Latest accident statistics show a mixed picture
Roger Bibbings from the Royal Society for the Prevention of Accidents (RoSPA) discusses latest figures highlighting a fall in the number of workers killed in Britain.
Latest figures from the Health and Safety Executive (HSE) show that Britain has achieved one of the lowest rates of accidental fatal injuries to workers in leading European industrial nations consistently for the past eight years.
This provisional annual data on workplace injuries is something to be welcomed, but we must also not lose sight of the bigger picture.
Some of the reduction is undoubtedly due to better health and safety management, but some is also due to reduced economic activity due to the recession. And in some sectors, such as waste, fatal accident trends remain worryingly high.
Overall, 148 workers died at work between April 2012 and March 2013, compared with 172 in the previous year, and the overall rate also dropped to 0.5 per 100,000 workers, below the five-year average of 0.6.
The construction and agriculture sectors also followed suit with a fall in deaths, but unfortunately, the same cannot be said for the waste and recycling industry. There were 10 deaths in this sector – double that of the five fatalities in the previous year. This latest figure also compares poorly to the average of six deaths over the past five years. Meanwhile, the rate of deaths in waste is 8.2 fatalities per 100,000 workers, against a five year average of 4.7, slightly less than the rate of 8.8 deaths per 100,000 for agricultural workers, but far, far higher than the rate of 1.9 deaths for construction workers.

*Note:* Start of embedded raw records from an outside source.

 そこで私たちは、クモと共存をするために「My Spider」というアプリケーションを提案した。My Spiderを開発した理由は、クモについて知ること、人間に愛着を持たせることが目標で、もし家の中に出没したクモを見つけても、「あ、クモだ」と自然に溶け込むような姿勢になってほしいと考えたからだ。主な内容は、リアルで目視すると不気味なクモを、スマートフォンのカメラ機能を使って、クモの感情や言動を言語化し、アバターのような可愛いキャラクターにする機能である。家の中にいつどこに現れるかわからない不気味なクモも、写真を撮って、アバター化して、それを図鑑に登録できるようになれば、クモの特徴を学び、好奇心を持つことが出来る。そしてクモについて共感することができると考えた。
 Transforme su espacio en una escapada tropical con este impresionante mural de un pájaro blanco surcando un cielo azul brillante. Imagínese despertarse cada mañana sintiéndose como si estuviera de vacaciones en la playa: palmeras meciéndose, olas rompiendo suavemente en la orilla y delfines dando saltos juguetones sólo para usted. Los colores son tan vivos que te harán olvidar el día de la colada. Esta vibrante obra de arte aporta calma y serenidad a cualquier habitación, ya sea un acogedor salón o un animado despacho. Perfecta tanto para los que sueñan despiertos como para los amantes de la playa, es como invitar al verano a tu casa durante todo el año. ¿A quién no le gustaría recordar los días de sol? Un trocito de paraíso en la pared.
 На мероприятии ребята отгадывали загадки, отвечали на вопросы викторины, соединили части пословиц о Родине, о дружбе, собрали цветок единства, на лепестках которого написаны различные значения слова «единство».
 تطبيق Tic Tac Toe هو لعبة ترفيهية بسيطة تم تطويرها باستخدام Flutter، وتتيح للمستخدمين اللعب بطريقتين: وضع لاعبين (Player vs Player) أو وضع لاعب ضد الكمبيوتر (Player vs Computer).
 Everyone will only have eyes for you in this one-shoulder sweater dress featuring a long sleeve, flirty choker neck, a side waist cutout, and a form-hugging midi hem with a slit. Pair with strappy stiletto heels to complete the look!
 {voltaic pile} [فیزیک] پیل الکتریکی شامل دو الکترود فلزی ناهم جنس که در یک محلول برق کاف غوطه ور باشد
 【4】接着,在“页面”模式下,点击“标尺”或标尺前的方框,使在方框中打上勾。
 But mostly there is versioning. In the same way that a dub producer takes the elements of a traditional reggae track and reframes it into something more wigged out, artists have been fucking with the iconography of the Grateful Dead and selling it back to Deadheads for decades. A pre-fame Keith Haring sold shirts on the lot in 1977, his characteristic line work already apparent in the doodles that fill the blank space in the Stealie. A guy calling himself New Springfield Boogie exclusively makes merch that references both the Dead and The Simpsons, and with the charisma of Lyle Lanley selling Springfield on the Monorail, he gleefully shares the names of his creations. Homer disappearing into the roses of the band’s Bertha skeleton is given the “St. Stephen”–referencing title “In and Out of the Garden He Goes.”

We could really do with a balanced score card, similar to that used by individual businesses and at national level, to help get a better sense of the UK’s overall health and safety performance.
Although they are used as a rough performance guide, notifiable fatal injuries to workers under RIDDOR are only the tip of a much bigger iceberg of injury. We must not forget that almost as many members of the public are now killed in work-related accidents as employees and the self-employed.
And of course, RIDDOR excludes three to four times as many fatalities to workers that are due to work-related road traffic accidents.
Above all, it needs to be remembered that the much bigger cause of early work-related death is as a result of health damage due to past exposure to hazardous working conditions, such as work-related cancers (including mesothelioma from exposure to asbestos) and respiratory disease. There are worrying signs that these trends are not reducing fast enough.
Then there are many kinds of non-fatal occupational diseases that need to be considered, including dermatitis, occupational deafness, vibration injury and, of course, the much more prevalent problems of musculo-skeletal disorders and work-related stress. All this is a major cause of largely hidden suffering for victims and their families, and a massive drain on productivity and NHS resources.
Progress in saving workers’ lives due to accidents in hazardous industries is to be welcomed, but more work is still needed to reduce non-fatal injuries and to safeguard workers’ health.
Further data is due to be released by the HSE in October on the numbers of serious injuries and estimates of the numbers of premature deaths caused by harmful exposures in the workplace, and we will be looking at that with great interest.